- Opening Delimiter -

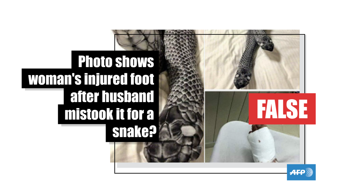 The misleading post consists of two photos of a person wearing a pair of snake print stockings, and another photo of a bandaged, bleeding foot.
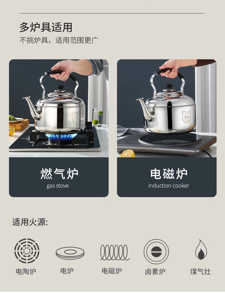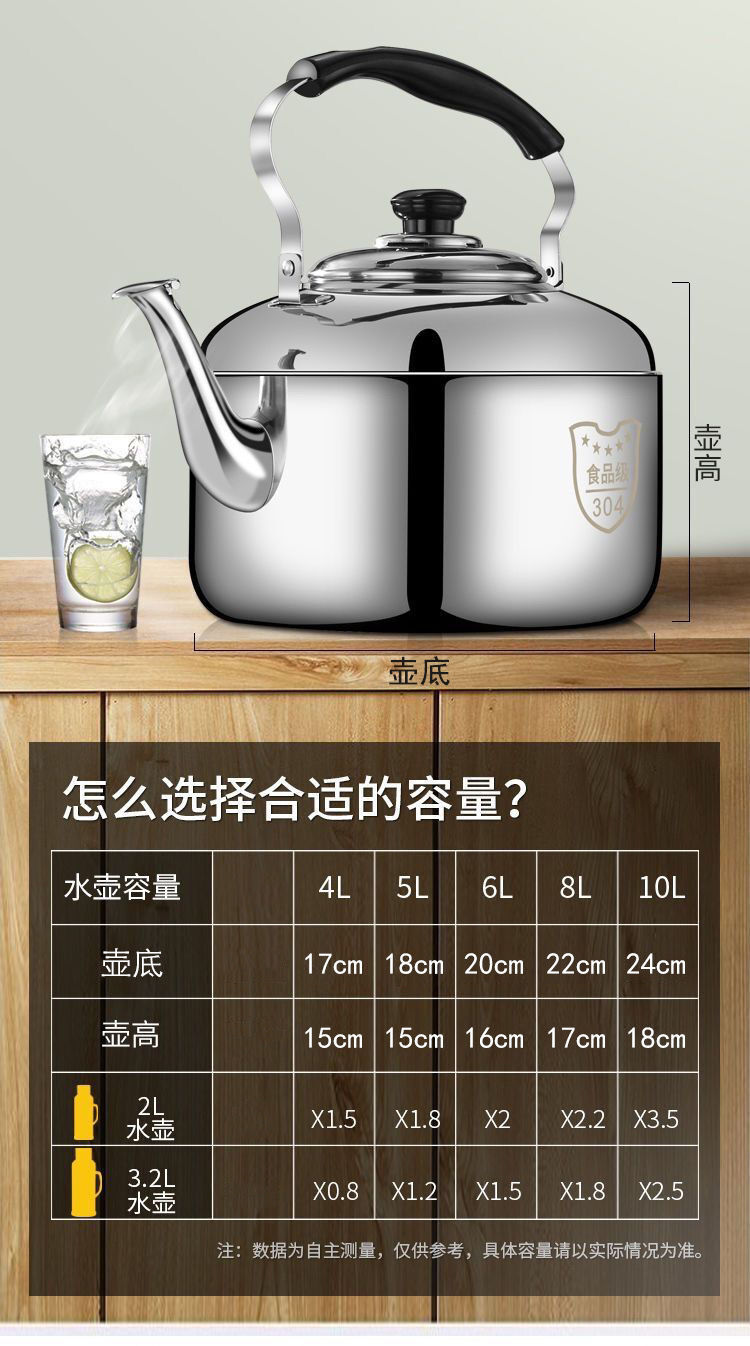 스테인레스 스틸 주전자 대용량 물 휘파람 가스 스토브 유도 밥솥 가정용 주전자 상업용 수프 냄비
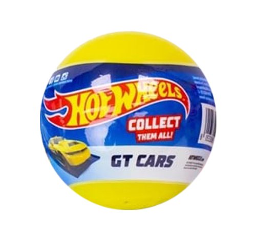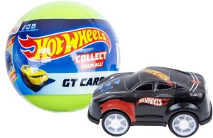 Krabička/kapsule/gule s prekvapením obsahujúce kovové autíčko Hot Wheels GT, 65mm, autíčko má pohon na pull-back, 12 druhov
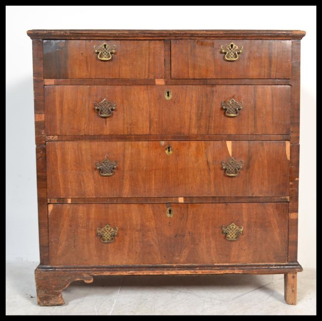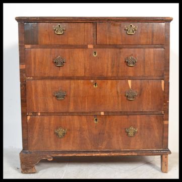 A 17th century walnut Queen Anne 2 part chest of drawers. The chest with pierced brass  handles and escutcheons having bracket feet with flared top over the bank of short and deep drawers. Measures: 101cm high x 98cm wide x 52cm deep.
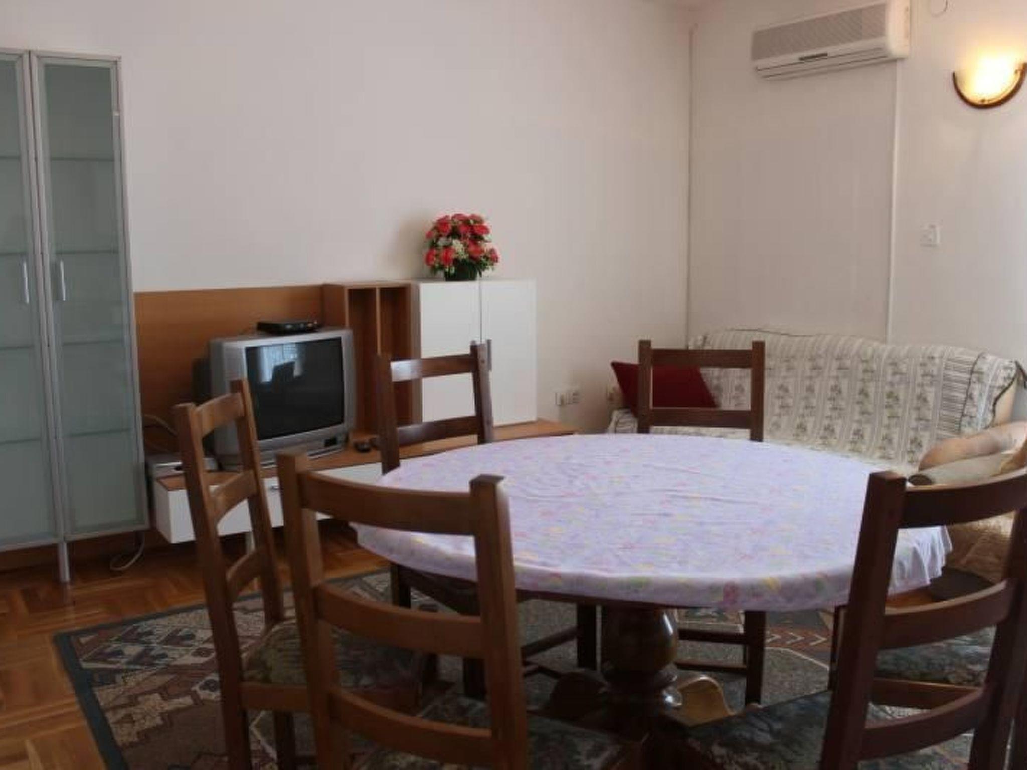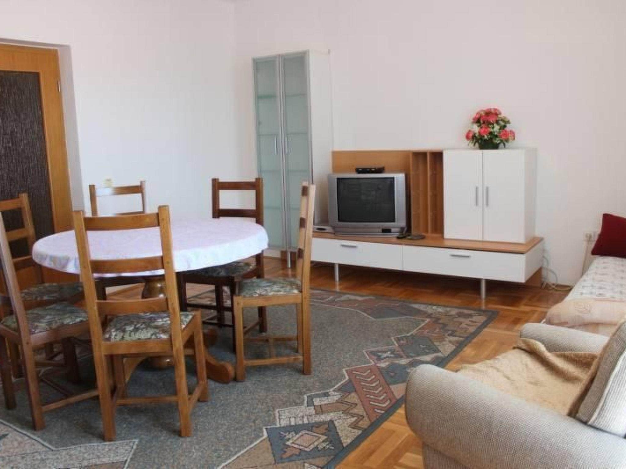 Living room, dining room and kitchen are one unit; dining table and chairs for every person; additional two. Sleep poss. on an additional bed, one additional option. Sleep poss. on a sofa, with balcony
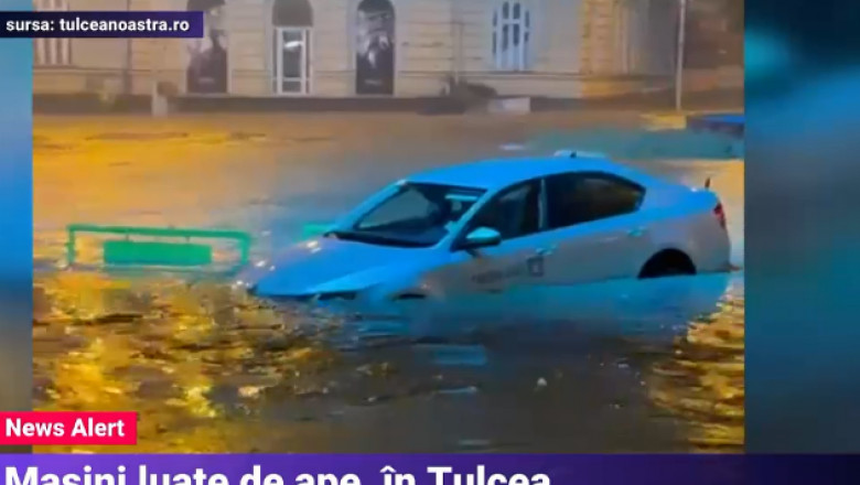 O ploaie de câteva minute a transformat orașul Tulcea într-o mică Veneție. Canalizarea nu a mai făcut față, iar străzile s-au transformat în râuri.
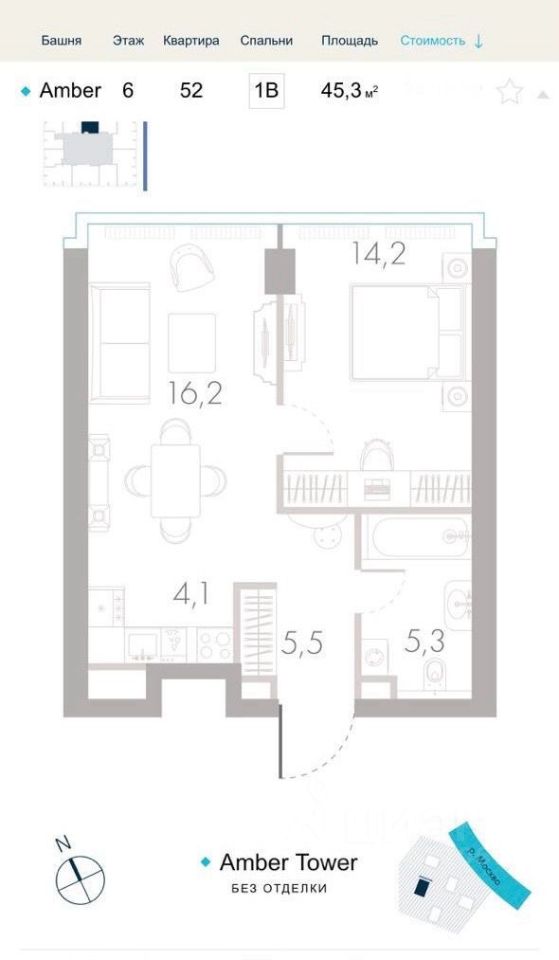 В жилом комплексе премиум-класса ''River Park Кутузовский'' предлагается к продаже 2-комнатная квартира: * корпус AMBER, * Этаж - 6, * Площадь - 45,3 м', * Высота потолков - 3,1 метра! * Вид на Парк и новый архитектурный объект!
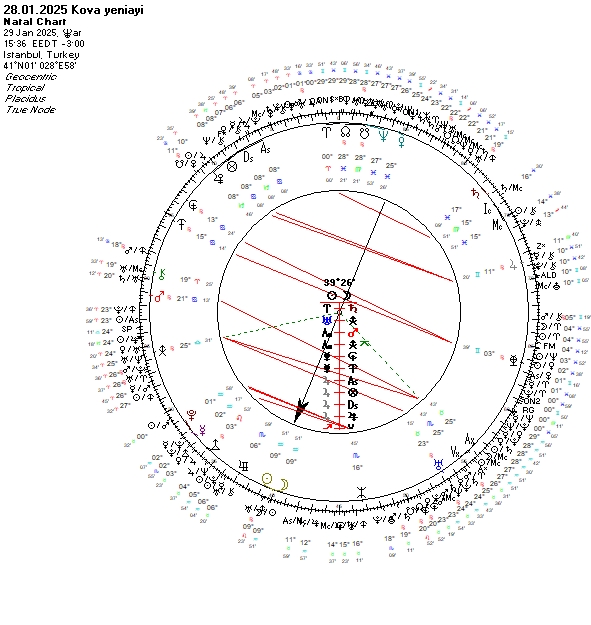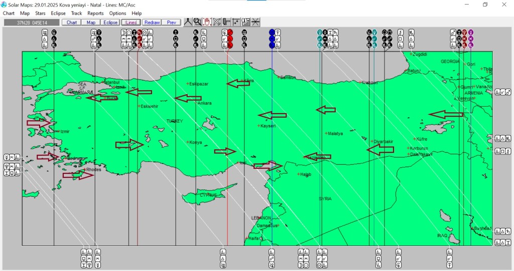 Yukarıda 29 Ocak günü Kova burcunda gerçekleşecek olan yeniaya ait astrokartografik haritayı görmektesiniz. Harita üzerinde işaretli hatlar ve çevresi, yeniay enerjisinden belirgin etkilenmesi olası yerlerdendir.
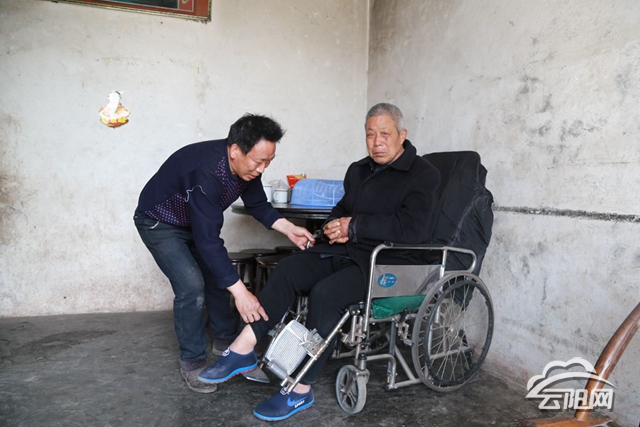 “爸爸,慢慢抬起脚,我给你穿鞋子……”近日,记者来到新津乡作坊村八组王碧涛家采访,他正在给父亲穿鞋。见到记者前去采访,王碧涛连忙说:“请坐!”今年50岁的王碧涛照顾父亲已有6年时间了。
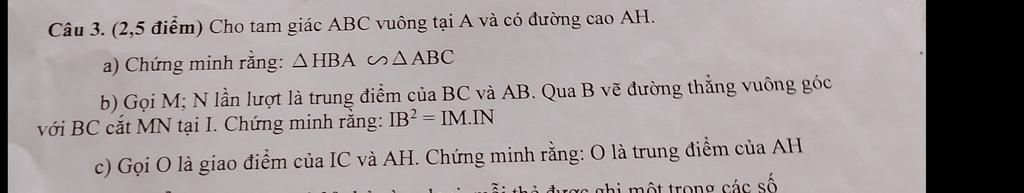 b.Ta có: $M, N$ là trung điểm $BC, BA\to MN$ là đường trung bình $\Delta ABC\to MN//AC$
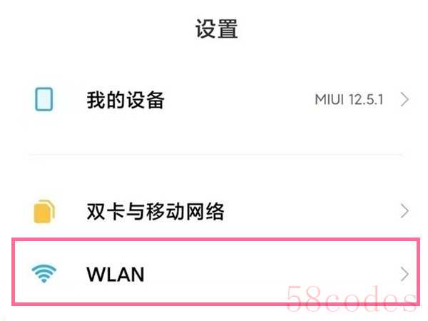 1、在手机设置菜单中点击【WLAN】。
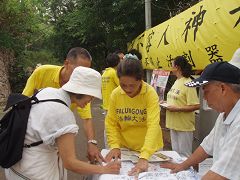 一位女士开始不解的问:“台湾与大陆有啥关系?”学员回答说有很大的关系。目前有很多的台湾人到大陆去换肝换肾,因为得不到保障回来台湾后产生许多问题,包括失去生命。另台商到大陆投资遭到迫害钱财散尽,回来投诉无门下场很惨!女士听完后不发一语,若有所思。
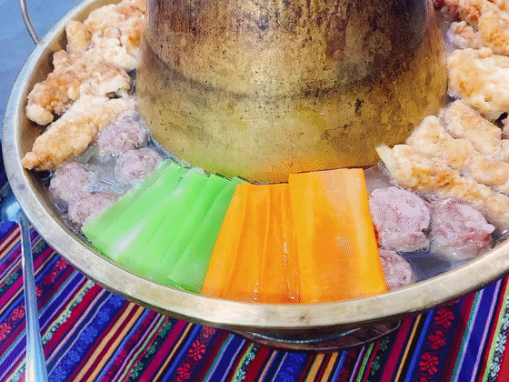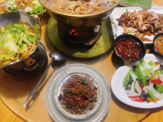 梁河锅子是一道风味独特的菜肴。锅子讲究慢火慢煮,因而菜味鲜甜醇和。肉圆、火腿、泡皮、蛋卷等上好食材用火锅小火精心慢煮,即成一色香味俱佳的锅子。梁河木瓜鸡的锅子一定会让你尽兴而来,满意而归。
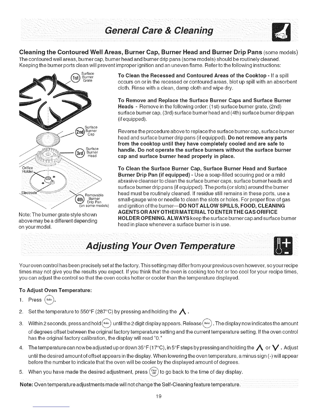 The contoured well areas, burner cap, burner head and burner drip pans (some models) should be routinely cleaned.
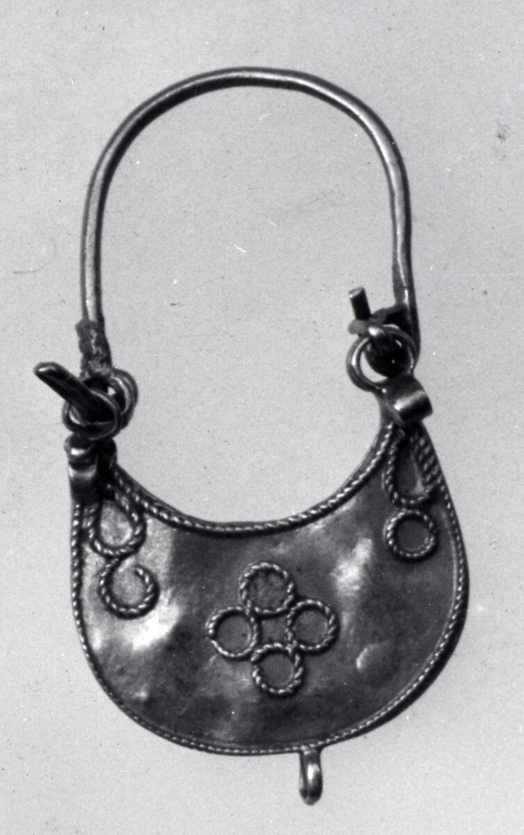 Considering the miniature size of most jewels, the work of Islamic goldsmiths was often technically complex and the artistic results, excellent. The cresecent shape of the earring is a symbol of renewal and regeneration, probably derived from the observation of the cycle of the moon.
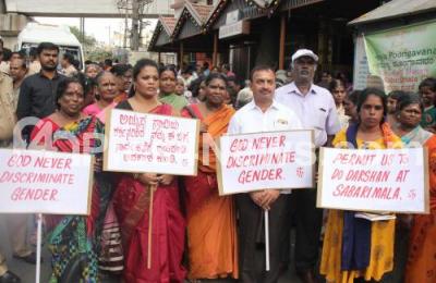 Event Description : Members of International Society for Poor and Down Trodden protesting and demanding for women entry in Ayyappa Temple in Sabarimala, the protest was held at Rajajinagar , in Bengaluru on Thursday 15th November 2018

- Closing Delimiter -

▶ [Exercise instructions]
The data above holds the lines to copy: start at the one with "O ploaie de", stop at the one with "梁河锅子是一道风味独特的菜肴", include both, copy them exactly without pictures, and copy nothing else.

▶ [Solution to this problem]
 O ploaie de câteva minute a transformat orașul Tulcea într-o mică Veneție. Canalizarea nu a mai făcut față, iar străzile s-au transformat în râuri.
 В жилом комплексе премиум-класса ''River Park Кутузовский'' предлагается к продаже 2-комнатная квартира: * корпус AMBER, * Этаж - 6, * Площадь - 45,3 м', * Высота потолков - 3,1 метра! * Вид на Парк и новый архитектурный объект!
 Yukarıda 29 Ocak günü Kova burcunda gerçekleşecek olan yeniaya ait astrokartografik haritayı görmektesiniz. Harita üzerinde işaretli hatlar ve çevresi, yeniay enerjisinden belirgin etkilenmesi olası yerlerdendir.
 “爸爸,慢慢抬起脚,我给你穿鞋子……”近日,记者来到新津乡作坊村八组王碧涛家采访,他正在给父亲穿鞋。见到记者前去采访,王碧涛连忙说:“请坐!”今年50岁的王碧涛照顾父亲已有6年时间了。
 b.Ta có: $M, N$ là trung điểm $BC, BA\to MN$ là đường trung bình $\Delta ABC\to MN//AC$
 1、在手机设置菜单中点击【WLAN】。
 一位女士开始不解的问:“台湾与大陆有啥关系?”学员回答说有很大的关系。目前有很多的台湾人到大陆去换肝换肾,因为得不到保障回来台湾后产生许多问题,包括失去生命。另台商到大陆投资遭到迫害钱财散尽,回来投诉无门下场很惨!女士听完后不发一语,若有所思。
 梁河锅子是一道风味独特的菜肴。锅子讲究慢火慢煮,因而菜味鲜甜醇和。肉圆、火腿、泡皮、蛋卷等上好食材用火锅小火精心慢煮,即成一色香味俱佳的锅子。梁河木瓜鸡的锅子一定会让你尽兴而来,满意而归。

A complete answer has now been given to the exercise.